- Supplied data
- - -

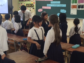 例えば象はgray(灰色)、リンゴはred(赤色)というように絵を見て、何色か英語で言いました。その後は自分と同じ色のカードを持っている友だちを見つけていくゲームをしました。同じ色を持っていたらハイタッチ、違っていればUh-huh!と残念な表情をするというように、楽しみながらいろんな色を英語で言うことができました。
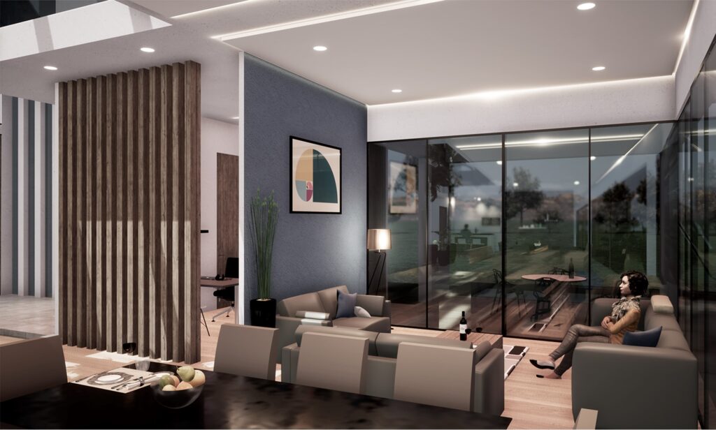 La planta baja, un espacio de convivencia y encuentro, alberga una cochera para dos vehículos, un recibidor que da paso a una sala y comedor inundados de luz natural, una cocina de diseño, un bar, una terraza que invita al relax, y áreas de servicio discretamente ubicadas. Un jardín central, eje vertebrador de la planta, responde al anhelo del cliente por integrar la vegetación en el día a día, creando un oasis interior. Un garage para bicicletas y un estudio con baño completo complementan este nivel, ofreciendo espacios para el trabajo y el ocio
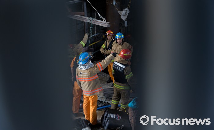 (남양주=포커스뉴스) 1일 오전 7시 20분께 경기 남양주시 진전읍 금곡리 진접석 지하철 공사현장이 붕괴되는 사고가 발생해 소방대원들이 구조작업을 하고 있다.

- - -

- Work task
Beginning with the line in which "La planta baja, un" appears, repeat exactly each line down to the close of the material, leaving every picture out.

- Result of the task
 La planta baja, un espacio de convivencia y encuentro, alberga una cochera para dos vehículos, un recibidor que da paso a una sala y comedor inundados de luz natural, una cocina de diseño, un bar, una terraza que invita al relax, y áreas de servicio discretamente ubicadas. Un jardín central, eje vertebrador de la planta, responde al anhelo del cliente por integrar la vegetación en el día a día, creando un oasis interior. Un garage para bicicletas y un estudio con baño completo complementan este nivel, ofreciendo espacios para el trabajo y el ocio
 (남양주=포커스뉴스) 1일 오전 7시 20분께 경기 남양주시 진전읍 금곡리 진접석 지하철 공사현장이 붕괴되는 사고가 발생해 소방대원들이 구조작업을 하고 있다.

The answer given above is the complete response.